**What the task asks:**
Once you find the line with "I started with" in the listing below, set down exactly every line from it through the line with "This image showcases", but no pictures.
··· Data for the task
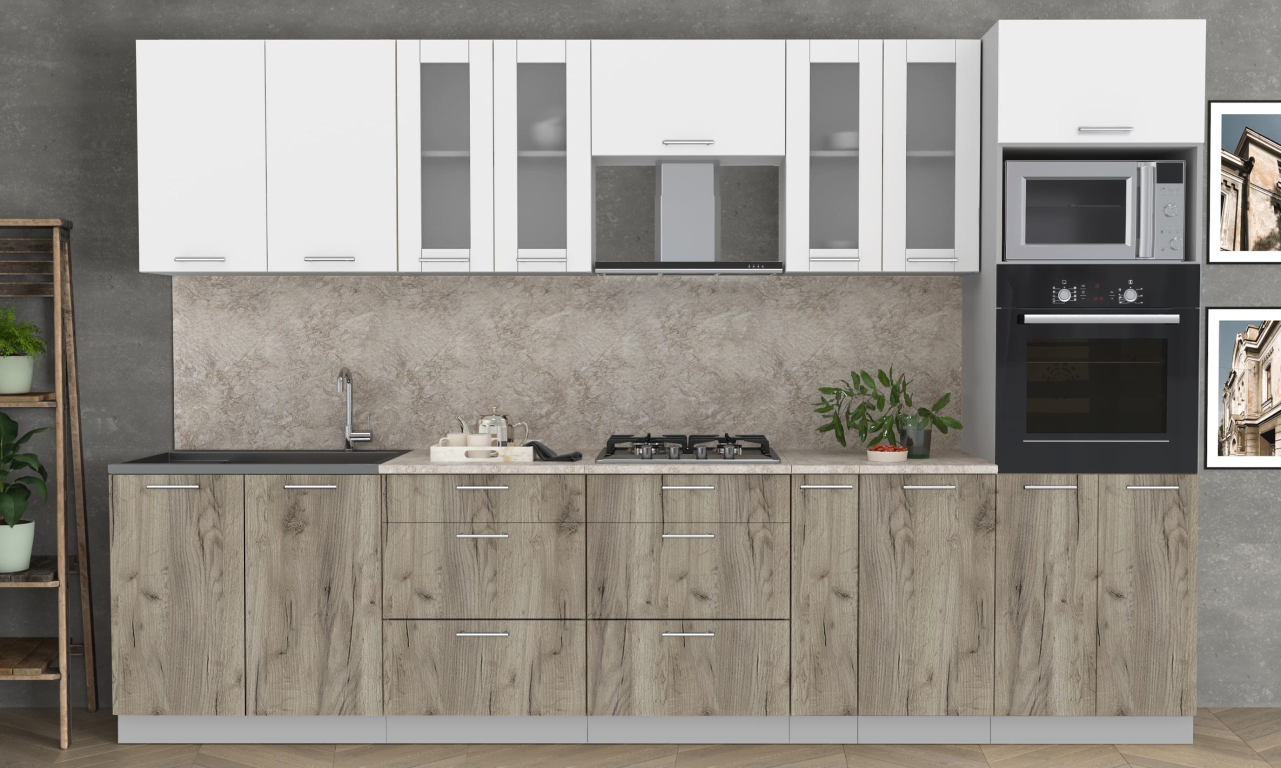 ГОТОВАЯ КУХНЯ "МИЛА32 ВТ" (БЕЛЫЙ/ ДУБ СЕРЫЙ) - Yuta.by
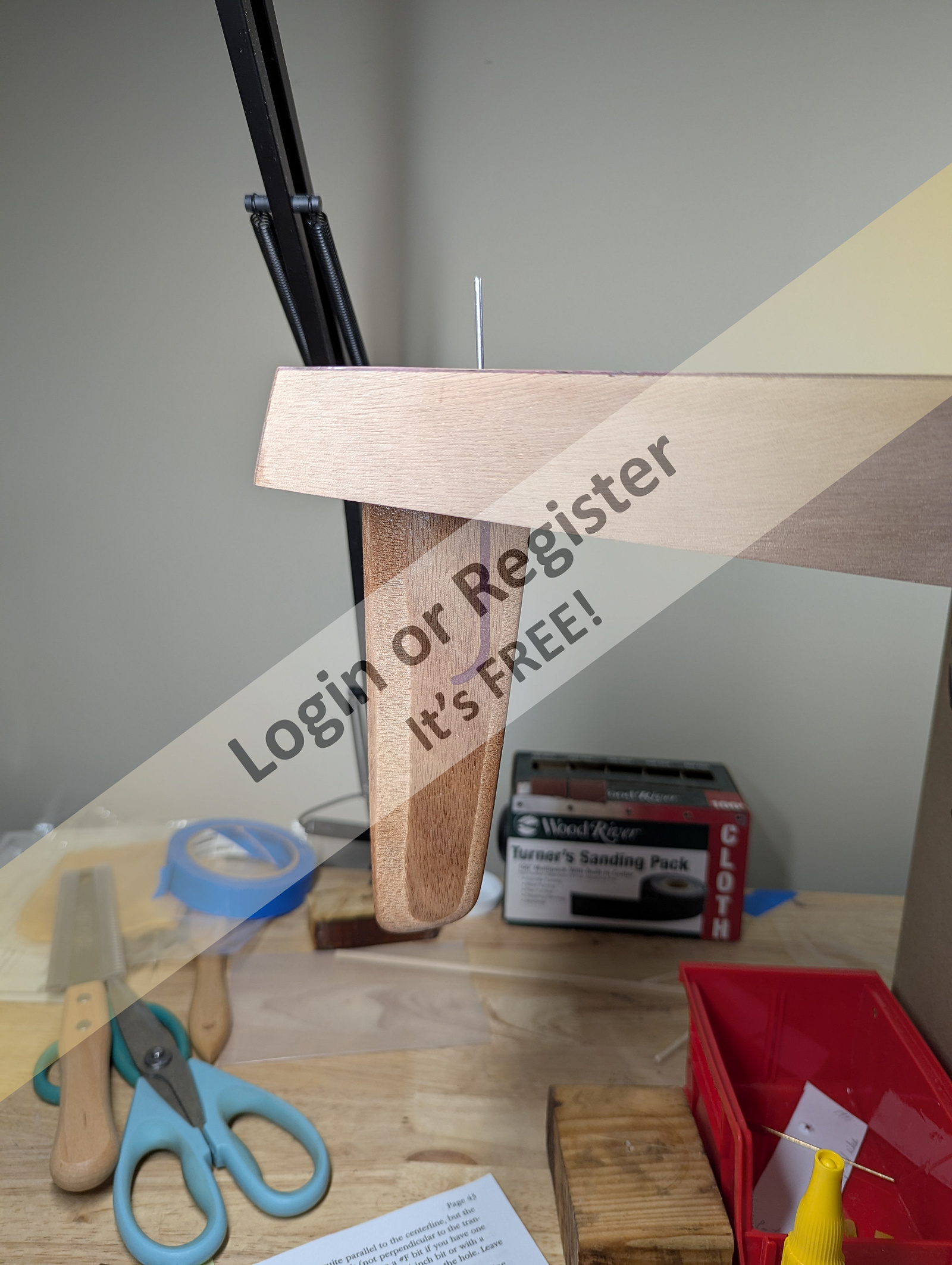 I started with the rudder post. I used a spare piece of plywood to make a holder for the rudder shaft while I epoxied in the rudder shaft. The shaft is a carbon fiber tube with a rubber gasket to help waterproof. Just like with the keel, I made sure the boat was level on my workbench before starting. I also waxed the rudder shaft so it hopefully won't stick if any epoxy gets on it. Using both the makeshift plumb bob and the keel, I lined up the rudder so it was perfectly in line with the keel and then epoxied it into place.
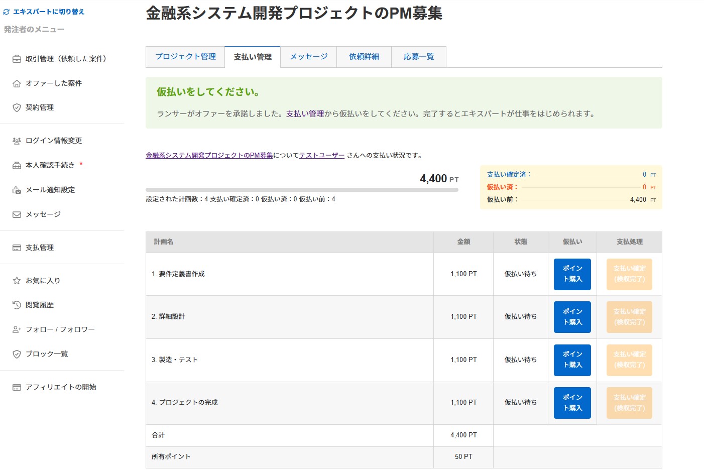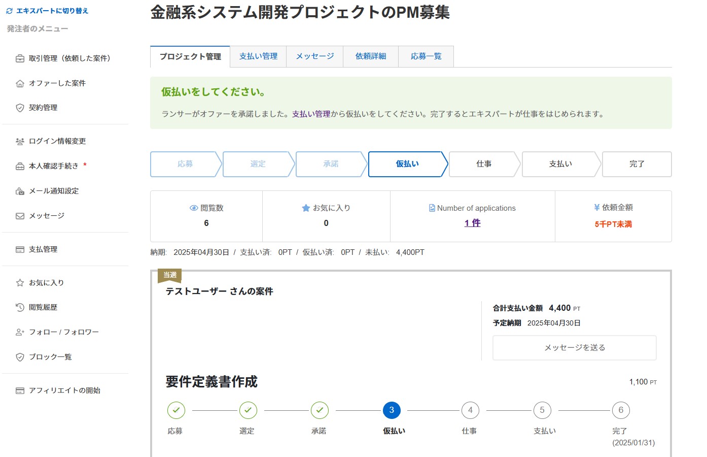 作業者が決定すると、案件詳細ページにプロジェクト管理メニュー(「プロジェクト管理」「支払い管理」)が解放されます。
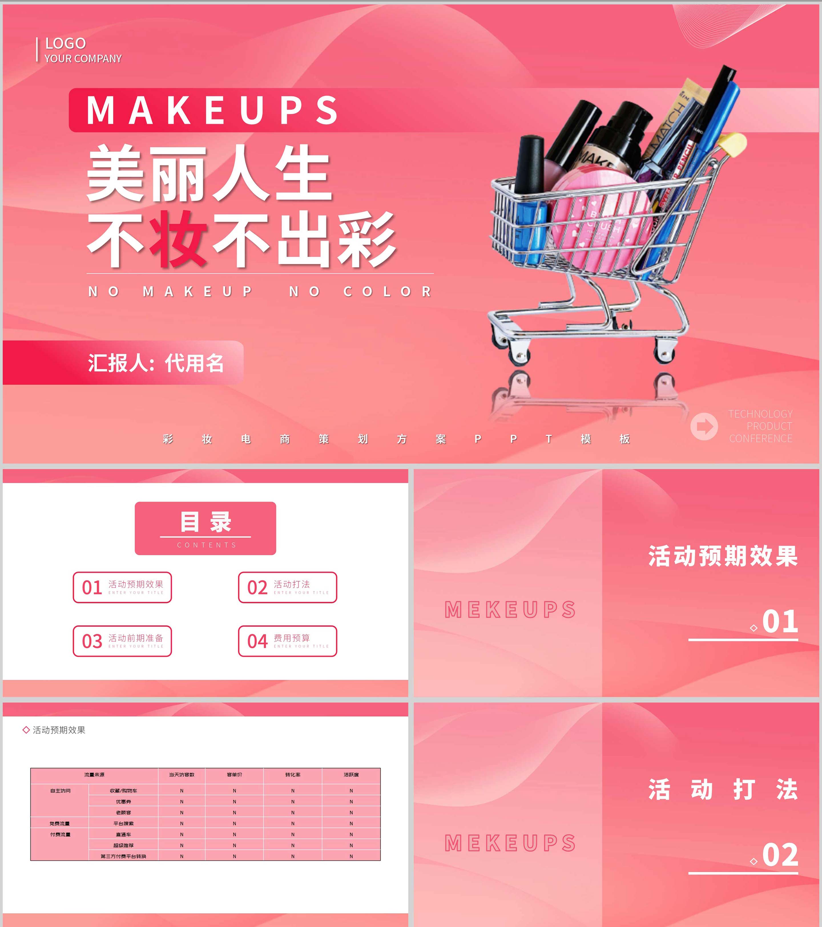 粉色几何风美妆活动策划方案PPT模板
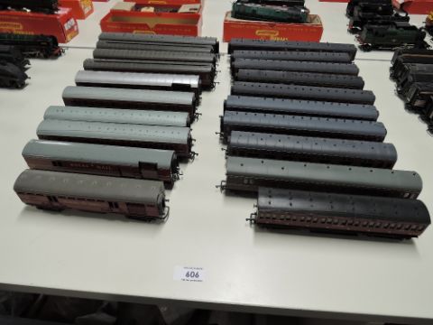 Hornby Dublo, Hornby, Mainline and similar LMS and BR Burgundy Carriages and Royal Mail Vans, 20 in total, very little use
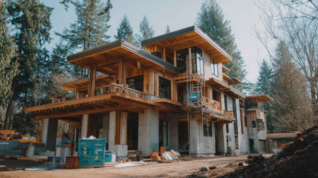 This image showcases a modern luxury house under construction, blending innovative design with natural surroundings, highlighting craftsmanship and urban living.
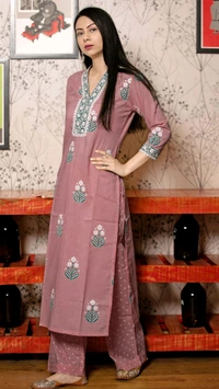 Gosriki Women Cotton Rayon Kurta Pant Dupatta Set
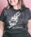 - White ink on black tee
······
··· Data for the task
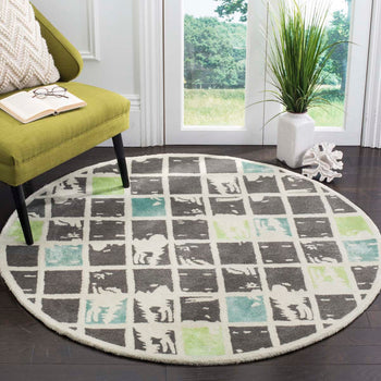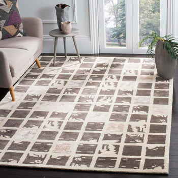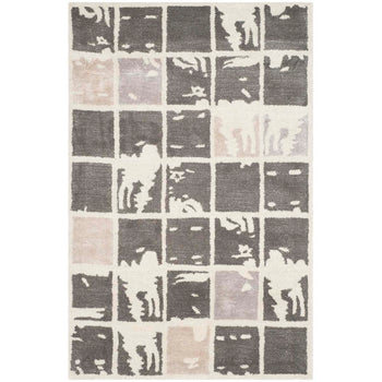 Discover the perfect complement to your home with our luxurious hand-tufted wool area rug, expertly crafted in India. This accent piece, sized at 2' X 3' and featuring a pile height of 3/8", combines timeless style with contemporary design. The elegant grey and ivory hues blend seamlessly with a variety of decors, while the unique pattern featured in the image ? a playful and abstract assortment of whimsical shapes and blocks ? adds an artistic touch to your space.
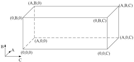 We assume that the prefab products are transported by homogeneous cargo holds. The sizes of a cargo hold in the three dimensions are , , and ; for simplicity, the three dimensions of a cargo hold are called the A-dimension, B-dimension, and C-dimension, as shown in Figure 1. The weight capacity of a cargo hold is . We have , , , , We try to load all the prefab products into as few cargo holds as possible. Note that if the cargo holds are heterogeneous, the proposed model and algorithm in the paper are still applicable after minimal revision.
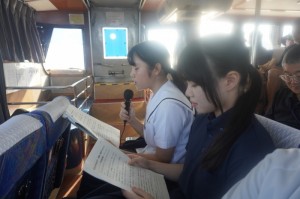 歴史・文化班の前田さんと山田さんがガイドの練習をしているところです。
······
**Solution to the exercise:**
 I started with the rudder post. I used a spare piece of plywood to make a holder for the rudder shaft while I epoxied in the rudder shaft. The shaft is a carbon fiber tube with a rubber gasket to help waterproof. Just like with the keel, I made sure the boat was level on my workbench before starting. I also waxed the rudder shaft so it hopefully won't stick if any epoxy gets on it. Using both the makeshift plumb bob and the keel, I lined up the rudder so it was perfectly in line with the keel and then epoxied it into place.
 作業者が決定すると、案件詳細ページにプロジェクト管理メニュー(「プロジェクト管理」「支払い管理」)が解放されます。
 粉色几何风美妆活动策划方案PPT模板
 Hornby Dublo, Hornby, Mainline and similar LMS and BR Burgundy Carriages and Royal Mail Vans, 20 in total, very little use
 This image showcases a modern luxury house under construction, blending innovative design with natural surroundings, highlighting craftsmanship and urban living.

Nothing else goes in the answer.